Au thin film and working electrode preparation
The Au-coated Si hemispherical prism (25 mm in diameter) was used as the conductive substrate for catalysts and the IR reflection element. Detailed procedures on the Au thin film preparation was as follows. Before the chemical deposition of Au, the Si prism was first polished gradually using 1.0, 0.3 and 0.05 μm Al2O3 powder until the surface became totally hydrophobic, and then sonicated and rinsed several times with acetone/ethanol mixed solution (volume ratio, v/v = 1:1) and double deionized-distilled water. Thereafter, the hydrophobic and clean Si prism underwent hydroxylation treatment with piranha solution (the volume ratio between concentrated H2SO4 and 30% H2O2 is 1:1) for 20 min and then was sonicated with distilled water several times. The infrared reflection plane of the Si prism was dried by Ar flow and treated by 40% NH4F for 2 min to make the surface be terminated with hydrogen. The Au thin film was then deposited on the hydrogen-terminated surface by immediately immersing this plane into a mixture of 9.2 mL Au plating solution and 124 μL 50% HF solution at 58 °C for 6 min16.

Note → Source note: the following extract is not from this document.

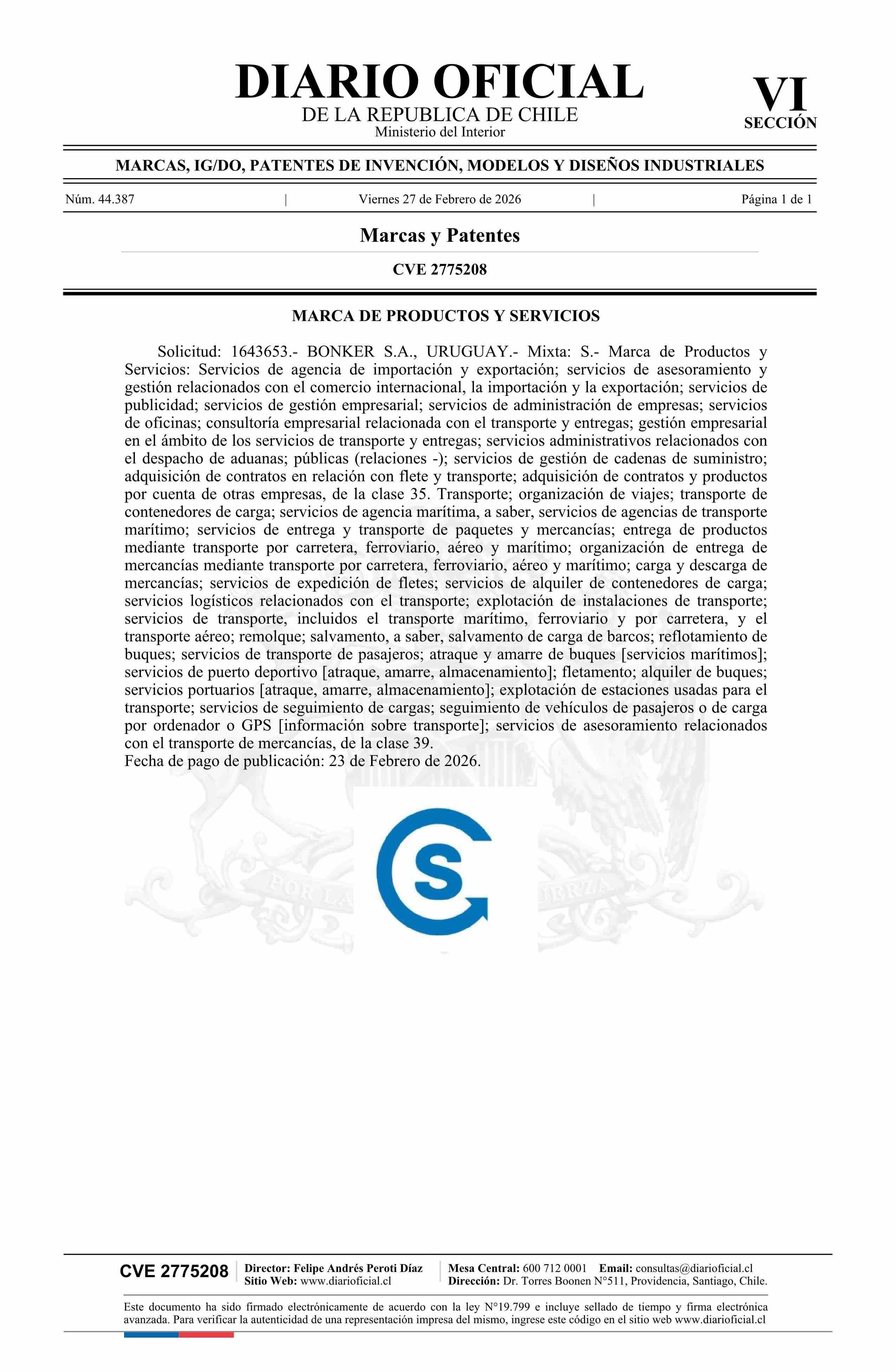 Fuente: Diario Oficial Edición Electrónica (Diario Oficial de Chile - 6 Marcas Y Patentes) Página(s): 30

The working electrode was prepared by dropping the catalyst suspension on the Au/Si surface with a loading of 0.19 mg cm−2. The catalyst suspension (5 mg mL−1) was prepared by dispersing the FeCo-N6-C sample in 1 mL of mixed solution containing isopropyl alcohol and 5 vol % Nafion, and then ultrasonicated for 0.5 h to form a homogeneous ink.
In situ ATR-SEIRAS experiments
The electrochemical ATR-SEIRAS measurements were carried out on a BRUKER INVENIO-R FTIR spectrometer equipped with a mercury cadmium telluride (MCT) detector cooled with liquid nitrogen in O2-saturated aqueous solutions of 0.1 M KOH and 0.1 M HClO4. Three-electrode configuration was utilized for electrochemical control, in which the Hg/HgO electrode and saturated calomel electrode (SCE) were used as the reference electrodes in alkaline and acid electrolytes, respectively; a Pt foil was used as the counter electrode. Unpolarized infrared radiation from an Elema source was focused at the interface at the incident angle of 60°, and the reflected radiation was detected. Real-time spectra with a resolution of 8 cm−1 were recorded during stepping the working electrode potential, and each spectrum was integrated by 44 scans. All spectra are shown in the absorbance units −log(R/R0), where R and R0 represent the reflected intensity of the sample and reference spectrum, respectively. Reference spectra were taken at 1.1 V vs RHE.
Data availability
All data supporting the findings of this study are available within the paper and its supplementary information files or from the corresponding authors upon request. Source data are provided with this paper.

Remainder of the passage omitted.